In the past few years, the interest in gardening has grown exponentially across the country due to economic and food security issues. Information for gardening in the desert has slowly accumulated, thanks mostly to websites and forums followed by more formal publications and county extension services.

More than anything else, I started to observe nature. We have an amazing Creator who made His Garden self-sustaining. I learned to look at how God created plants and trees to survive in their environment and knew that if I wanted to be successful I should try to emulate it.

I am now in a new, much larger suburban lot (just under a half acre) and I want to take growing my families food to a new level. I hope to one day provide 80 percent of our fruit and veggies, and 100 percent of all of our eggs.

My hope is that this blog will inspire you to try to grow some of your own food wherever you are, even if it is just some kitchen herbs on a windowsill. I hope it will be a clearinghouse for practical tips and techniques to help your garden flourish in any climate, but especially in the deserts of the world. I will share what I have learned that has helped me succeed and we will do a lot of quasi garden experiments to see what we can learn together.

So, get out in your yard, or on your porch, or balcony, or sunny windowsill, and grow something. It will bring you so much joy!

7 thoughts on “About Cultivating Dust

  1. Dear Karis, I love you. For reals. I wish I had a desert to garden in, just so I could take your good advice. One day, we’ll see each others gardens (or lack thereof) in person, until then, I will enjoy each post, or compost…whatevs.

  2. Congrats Karina,
    You are the first to comment on my new blog! As a prize, I will send you some veg seeds pronto! Love you too! Can’t wait to see each other’s gardens in person!

    Karis

  3. Hey friend! I am officially stalking your video blog now. It was so wonderful to chat tonight…thanks for taking so much time to catch up with me. I need reconnection with friends more than ever right now, and I really appreciate you. As always, you make me laugh a ton here on your video blog, even while your stuff is very practical. I miss you!

  4. So glad you decided to make your lurking presence known, Jean! You are a big inspiration to me with all that you do over at your place. I’ve learned so much from you!

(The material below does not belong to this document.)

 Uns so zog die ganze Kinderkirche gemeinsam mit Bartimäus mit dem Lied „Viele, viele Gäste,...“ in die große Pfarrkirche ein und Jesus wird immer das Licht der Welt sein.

  5. you have definitely inspired me!! i really want to do a garden. I have many time consuming things on my plate right now, come fall I WILL get this planting thing started! i know you said i can start things in the house… but i truly DO NOT have space in my home to do that… so come fall i will get all dirtied up and get things ready to go!

  6. Thanks for checking out the blog Julie!

    When I suggested starting things inside I meant more for things like Tomato, peppers and eggplants done from seed. These warm weather plants are slow starting and need some extra time to get established before they are transplanted outside in the heat. That’s why most people just buy started plants of those varieties when its time to start their spring garden (mid Feb-Mid March.) Most things start easily from seed directly in the garden. Beans, peas, cucumbers, melons, squash, carrots, onions, radishes, lettuce, cabbage, broccoli and cauliflower are all easy to start from seed in the garden and grow fast. You don’t need a large plant nursery inside to be sucessful. Just plant direct seeded varieties out in the garden according to the Planting Calendar linked on the sidebar of this blog, and buy started plants for any that are slow from seed.

    You should at lease get a pot of basil and a cherry tomato plant in big containers for this season. Little victories encourage you to keep going. (And small defeats help us learn!)